Problem description can be found here.

Intuition

For every element we must have its lower element on the left and the higher element on the right.

Think of the problem like this, find the 2 smallest elements, and then an element that is greater than both of those.

That doesn’t sound like it meets our problem constraints, but the implementations protects us i’ll explain how that is down below.

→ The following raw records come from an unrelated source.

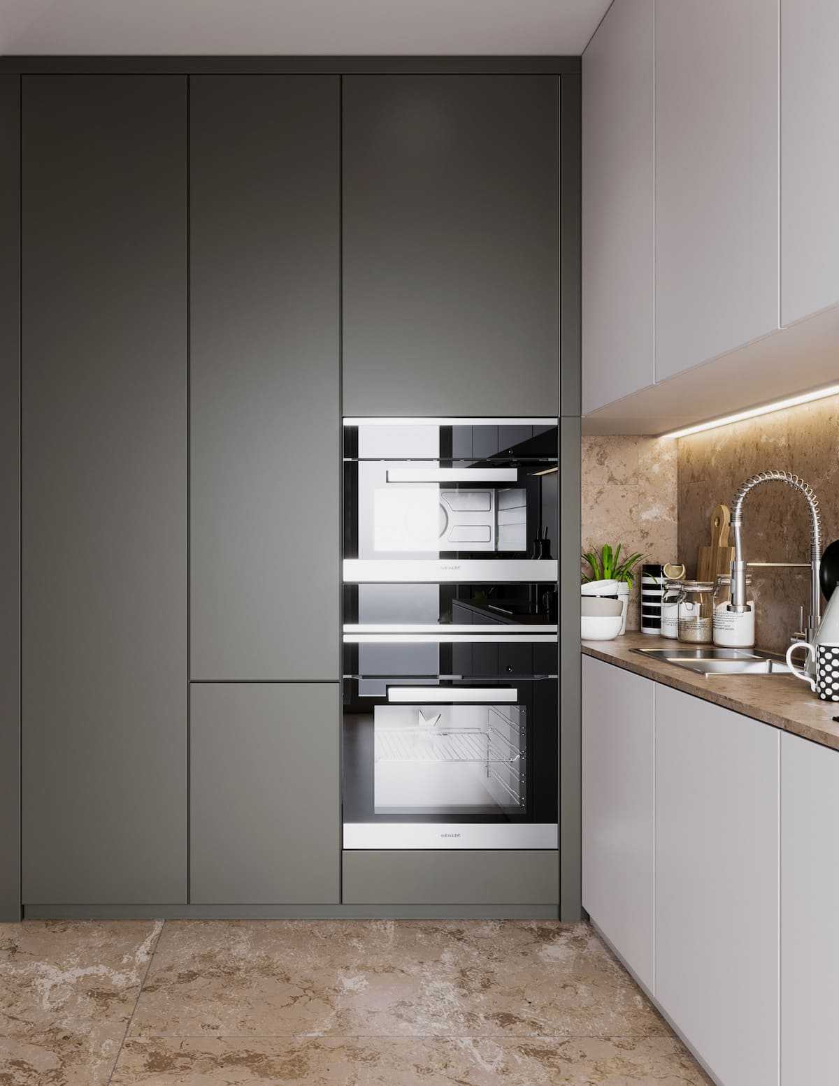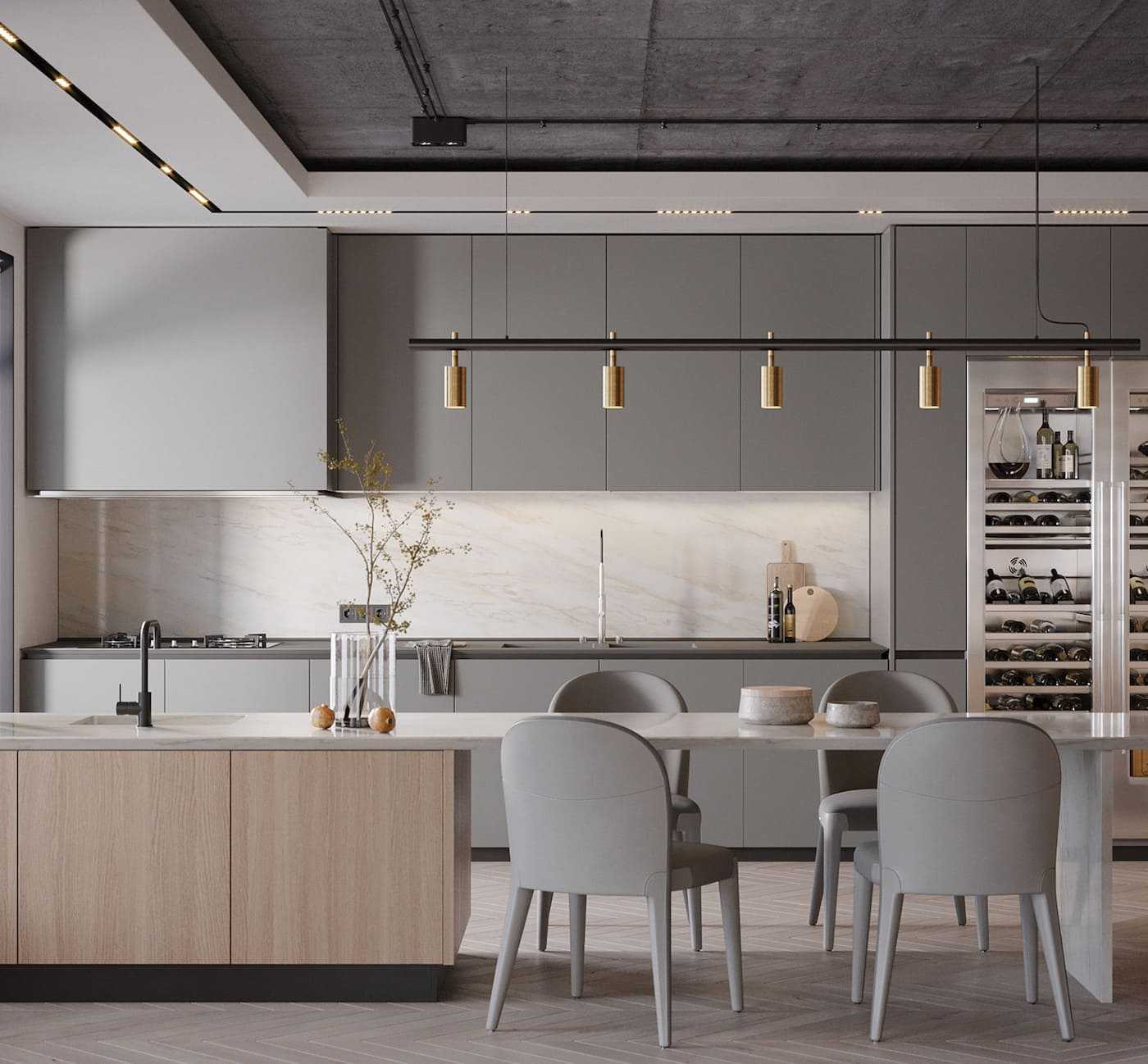 Оформляя современный интерьер кухни 2022 должно быть хорошо понятно, где основной тон, а где вспомогательный. Необходимо использовать несколько полутонов базового колера. Такой способ внесет интригующие нотки в монохромное кухонное убранство, добавит разнообразия в дизайн и зонирует комнату на отдельные участки в зависимости от их назначения.
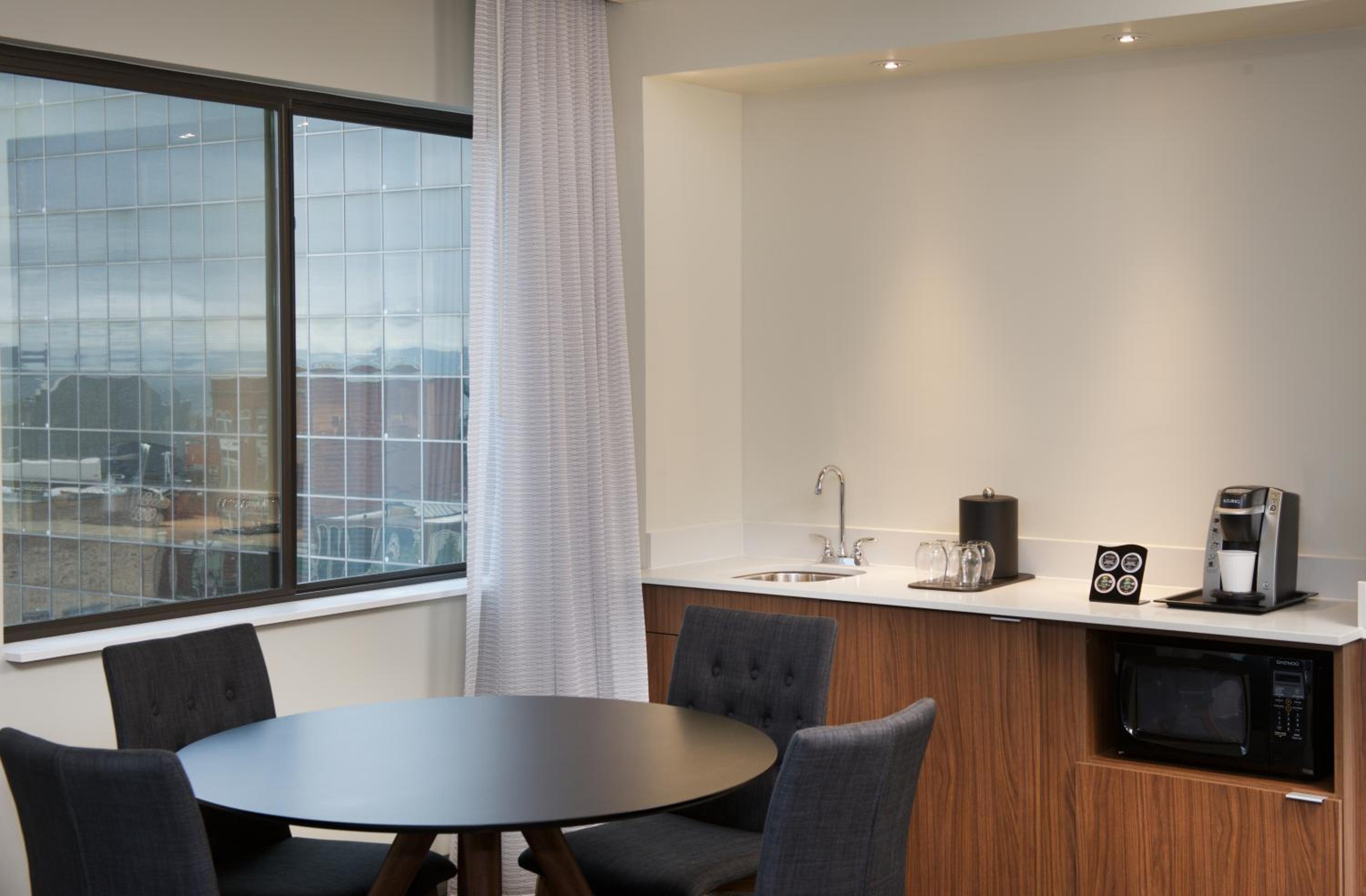 Everything was wonderful. The rooms were beautiful, the bed and pillows comfortable, and everything worked. The view was beautiful over the city.
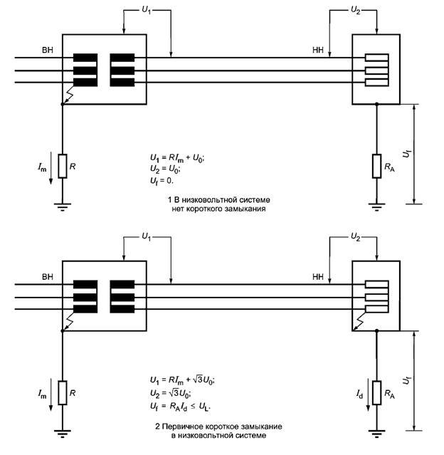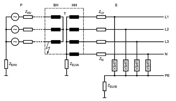 Повреждение может быть вызвано временной связью с грозовыми токами, проходящими в системе от молниезащиты близлежащих зданий или оборудования, в том числе ростом потенциала земли, связанного с рассеянием токов. Подобное распределение энергии обычно происходит через кабельную сеть и непосредственно потребителем не контролируется. Рассеянная энергия зависит от значений сопротивлений заземления местной сети.

Looking at the code, we initialize firstMin and secondMin to Infinity. We set firstMin when we encounter a value lesser than firstMin. We set secondMin when we encounter a value that is greater than firstMin but lesser than secondMin. This guaraentees as that, if secondMin is EVER set, it means that firstMin was already set, meaning that we have found a i < j && nums[i] < nums[j]. When we hit the else, that mean firstMin < secondMin < num (which means nums[i] < nums[j] < nums[k]). And it also guaranetees i < j < k, because we just iterated to a later element and firstMin and secondMin we already set.

Solution

function increasingTriplet(nums: number[]): boolean {
  let smaller = Number.MAX_SAFE_INTEGER;
  let bigger = Number.MAX_SAFE_INTEGER;

  for (let i = 0; i < nums.length; i++) {
    const current = nums[i];

    if (current <= smaller) {
      smaller = current;
      continue;
    }

    if (current <= bigger) {
      bigger = current;
      continue;
    }

    return true;
  }

  return false;
}

increasingTriplet([1, 2, 3, 4]); // [24, 12, 8, 6]
increasingTriplet([-1, 1, 0, -3, 3]); // [0, 0, 9, 0, 0]